Over the years, there have been many Salem theories, including jealousy between families and a desire for more property. I think that, like all human activities, there were many causes. Certainly religious fervor was an element, but what happened at Salem was intense and, I think, unique for the New World. Other factors had to have intensified the situation and LSD seems a good candidate, based on the big picture.
------------------
Speaking of big pictures, returning to DDT:
gungasnake -- Thank you for answering my question. However, math is not science itself but a tool used by scientists.

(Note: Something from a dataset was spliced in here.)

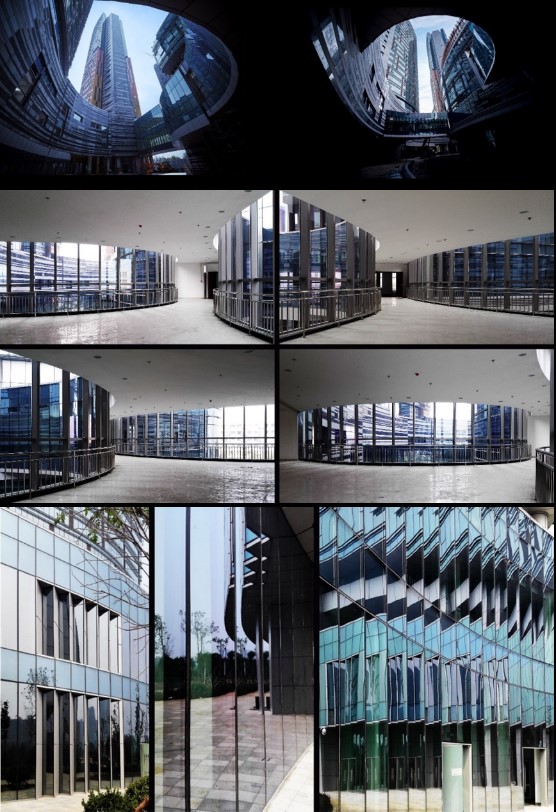 建筑空間設(shè)計(jì)以“自由流動(dòng)”構(gòu)筑了步行街、庭院及室內(nèi)空間體驗(yàn)的基本特征,連續(xù)塑造了引導(dǎo)漫步徐行、激發(fā)交流互動(dòng)的事件場(chǎng)所,不斷暗示著“伴水而生”的獨(dú)特環(huán)境感知。而建筑立面設(shè)計(jì)以玻璃這一常規(guī)材料的非常規(guī)組合應(yīng)用,探討了“環(huán)境影像”積極介入并與實(shí)體環(huán)境互動(dòng)對(duì)話的可能性。反射所形成的“虛線化的環(huán)境影像”被重新植入到連續(xù)的物質(zhì)環(huán)境之中,以其超現(xiàn)實(shí)的陌生感激發(fā)了人們對(duì)習(xí)以為常、視而不見(jiàn)的自然環(huán)境的重新關(guān)注與感知。

I would guess that you would discredit a theory that lays the blame for the increased incidence of Asperger's Syndrome on neurological damage done by insecticides and other sorts of chemicals. I don't. We are cavalier about our use of neurotoxins. While intent does not mitigate guilt, Carson's intent was to stop damage. The world is a poorer place in terms of species of non-human animals than it was during my childhood in the 1950s. It is poorer than it was when I moved into the house in which I live, just 20 years ago. I still have a garden but the number of bees and the variety of bees that visit it are far fewer.
I'll opt for fewer but healthier children and abundant bees -- although it may too late for either. As for malaria, little or nothing is being done to develop a vaccine against it. American drug companies do not see a viable market for such a drug. Capitalism has become a rampaging monster.
Re: 10 Most Harmful Books of the 19th, 20th C.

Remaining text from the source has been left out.